Первый раз Катя попробовала водку на спор. Подруга Лошкарева вышла на лестничную клетку и рассыпала десяток крышек от водочных бутылок. Десять ступенек, по одной крышке на каждую. Она медленно поднималась наверх и разливала водку. Кате нужно было подниматься за ней и пить водку из крышек. Горько, противно, а под конец совсем уже мерзко. Она залила в себя последнюю порцию и свалилась у стены рядом с засоренным мусоропроводом. Рваные мешки, пакеты от молока и сока, стаканы от йогуртов, картофельные очистки… Мухи ползали по ним, летали, жужжали.
Катю тошнило, Лошкарева крутилась рядом. Она не помнила, что нужно делать в таких случаях, а Катя просто не знала. Ей хотелось умереть. Вот тут вот, под мусоропроводом, среди мух и картофельных очисток. Ей казалось, еще пять минут, и она подохнет прямо тут – всего лишь от ста граммов водки. Позже ее вывели на свежий воздух, усадили на лавку и не давали заснуть, а Кате хотелось упасть лбом на колени, закрыть глаза и отключиться.
Потом стало легче.
Так продолжалось весь учебный год. Катя прибегала из школы, делала уроки, а в восемь вечера спускалась вниз, где ее ждали одноклассники и друзья из района. Осень, зима, весна – неважно. Они встречались каждый день и сидели у подъездов чужих домов, пока было тепло. Зимой подростки покупали бутылку водки на пятерых и ошивались в подъездах между этажами. Жители домов гоняли их, грозили вызвать милицию, но никогда не вызывали.
Вечером были прогулки, утром и днем – школа. Катя с Лошкаревой курили на школьном дворе у гаражей или за забором – там же, где все старшеклассники, и прогуливали последние уроки. Нечасто, но прогуливали. Покупали пиво, шли на детскую площадку и пили его, сидя на корточках в деревянном домике.
Дома у Лошкаревой были огромные залежи фильмов и сериалов на DVD, и Катя часто брала у нее посмотреть что-нибудь. Самым любимым стал фильм «Лолита» 1997 года, в потрепанной светлой коробке. Катя не помнила, сколько раз брала его смотреть. Сбилась со счету, а купить диск не могла – боялась, что родители найдут, скандал устроят.
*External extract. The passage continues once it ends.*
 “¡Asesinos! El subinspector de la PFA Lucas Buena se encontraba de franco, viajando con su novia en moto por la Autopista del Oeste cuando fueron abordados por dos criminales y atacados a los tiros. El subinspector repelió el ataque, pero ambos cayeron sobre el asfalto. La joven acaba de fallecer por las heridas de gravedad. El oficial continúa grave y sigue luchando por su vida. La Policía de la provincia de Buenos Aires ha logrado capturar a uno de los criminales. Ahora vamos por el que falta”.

Катя никогда не говорила, что именно ей нравилось, что привлекало и заставляло смотреть его снова и снова. Просто не хотела объяснять. Думала, что не поймут, и была права.
В шкафу, под ворохом осенних пальто и легких курток, она прятала большую бутылку мартини, купленную на деньги, сэкономленные на школьных завтраках и обедах. Утром Катя пила только кофе с молоком, в школе не обедала, ужинала неохотно. Родственники качали головами, глядя на ее нездоровую худобу и бледность; одноклассницы тихо завидовали, изнуряя себя диетами, в призрачной надежде достигнуть идеальных сорока килограммов к началу июня. Катя не удивлялась, и даже была рада, что ей завидуют, но секретов своей диеты выдавать не спешила.
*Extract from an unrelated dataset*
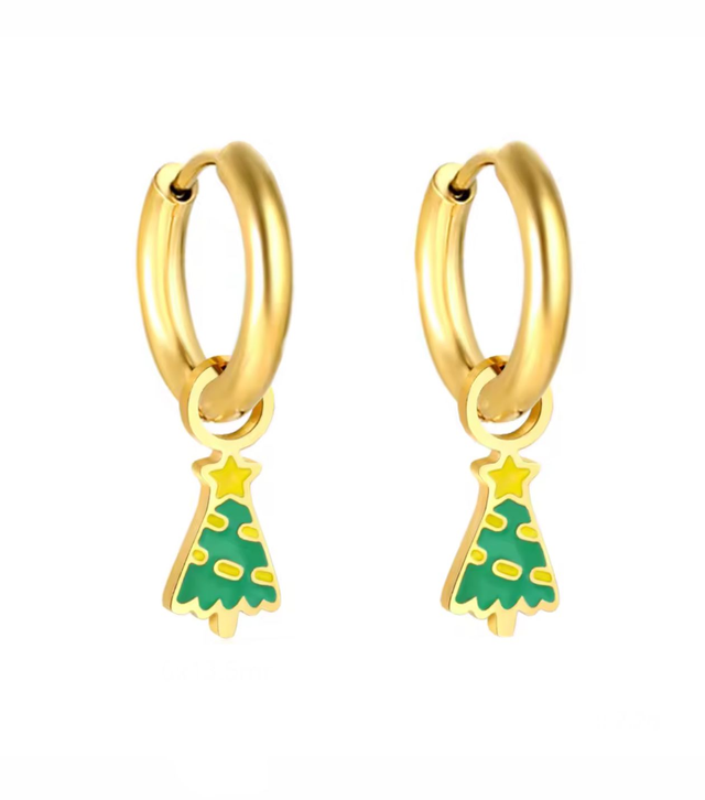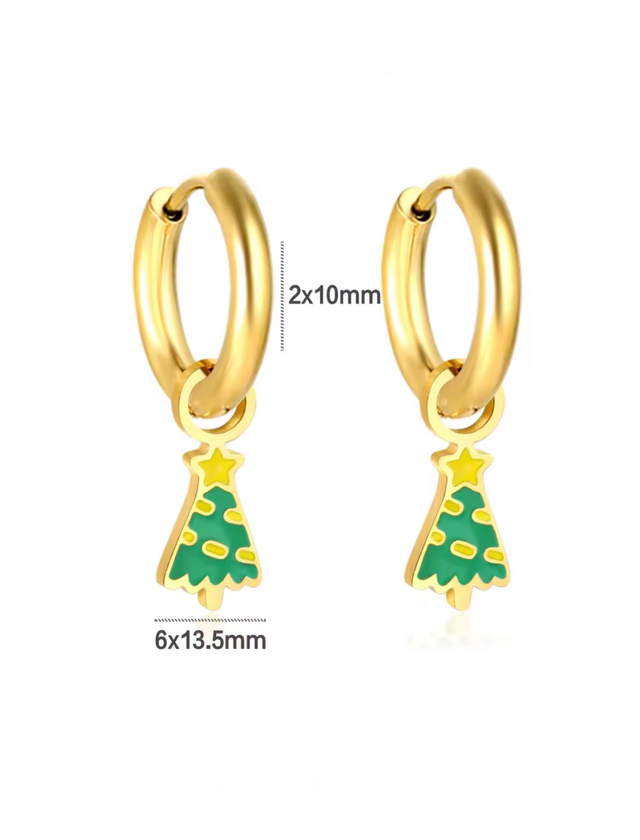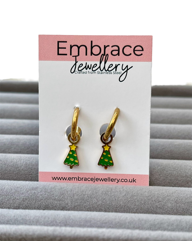 These festive Christmas tree huggies are crafted from stainless steel with a gold PVD coating and finished with glossy green and yellow enamel. The secure huggie hoop closure offers a smooth, comfortable fit — ideal for everyday wear throughout the holiday season.

Каждую пятницу, делая вид, что идет спать, она плотно прикрывала дверь комнаты и доставала единственный набор косметики – из тех, что в изобилии продают в подземных переходах метро и косметических палатках на рынках.
Десяток сухих теней кислотных оттенков, яркие румяна, неприятного оттенка пудра, помада, похожая на акварельные краски, а к ней жесткая пластиковая кисточка.
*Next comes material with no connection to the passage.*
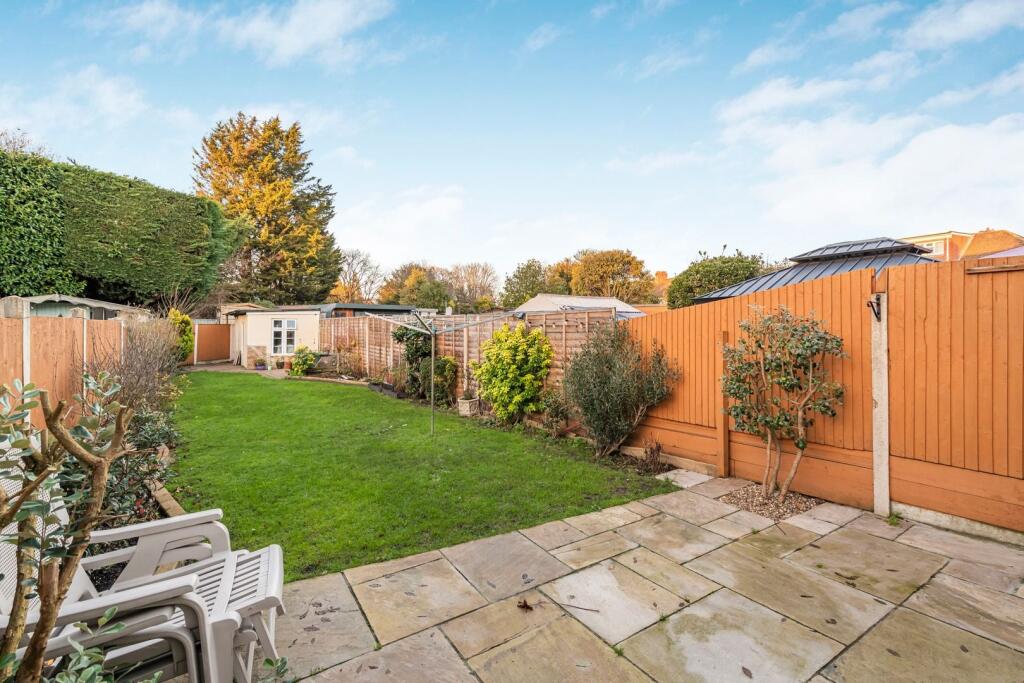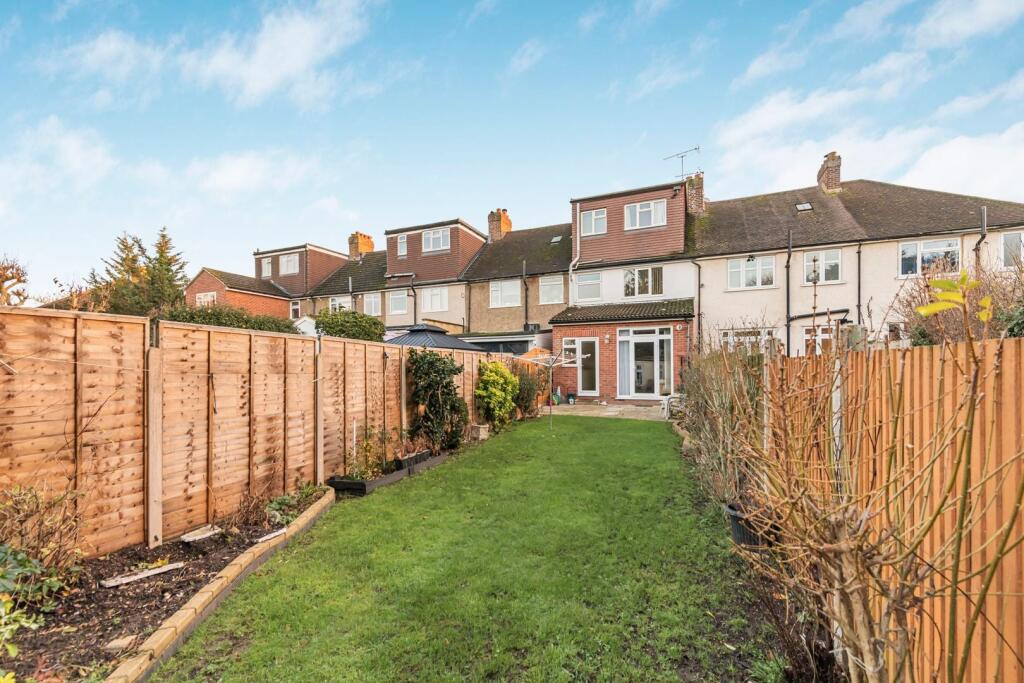 This is a three-bedroom terraced house in Ashford East, Spelthorne. The property features two bathrooms, a well-maintained interior, and a good-sized garden with a shed. The location is convenient, with Ashford (Surrey) station and St Michael Catholic Primary School nearby. The property is in reasonable condition, with a modern kitchen and bathrooms. The list price of £500,000 is reasonable compared to the average price in the area.

Краситься Катя не спешила. Всему свое время. Это было ее время, ее территория, ее личный ритуал, ее реальность, куда нельзя было пускать посторонних.
Она подходила к зеркалу и распускала волосы, медленно расчесывала их деревянной щеткой, делила на две части и неторопливо заплетала две косы. Затем доставала из шкафа легкую пижаму. Ее подарили Кате на Восьмое марта два года назад, она была ей как раз. Теперь же она стала велика: штаны еле держались на узких бедрах, а рубашка сваливалась то с одного плеча, то с другого.
Но Кате это даже нравилось. Она смотрела на свое отражение, а оттуда на нее смотрела уже не Катя, а тринадцатилетняя наглая и раскованная оторва, девочка из фильма, засмотреного до помех – именно та, какой ей хотелось быть.
Позже Катя возила кисточкой в полузасохшей красной помаде и красила губы, небрежно заходя за природные контуры.
Катя нравилась себе такой, другой, и совсем не нравилась настоящей.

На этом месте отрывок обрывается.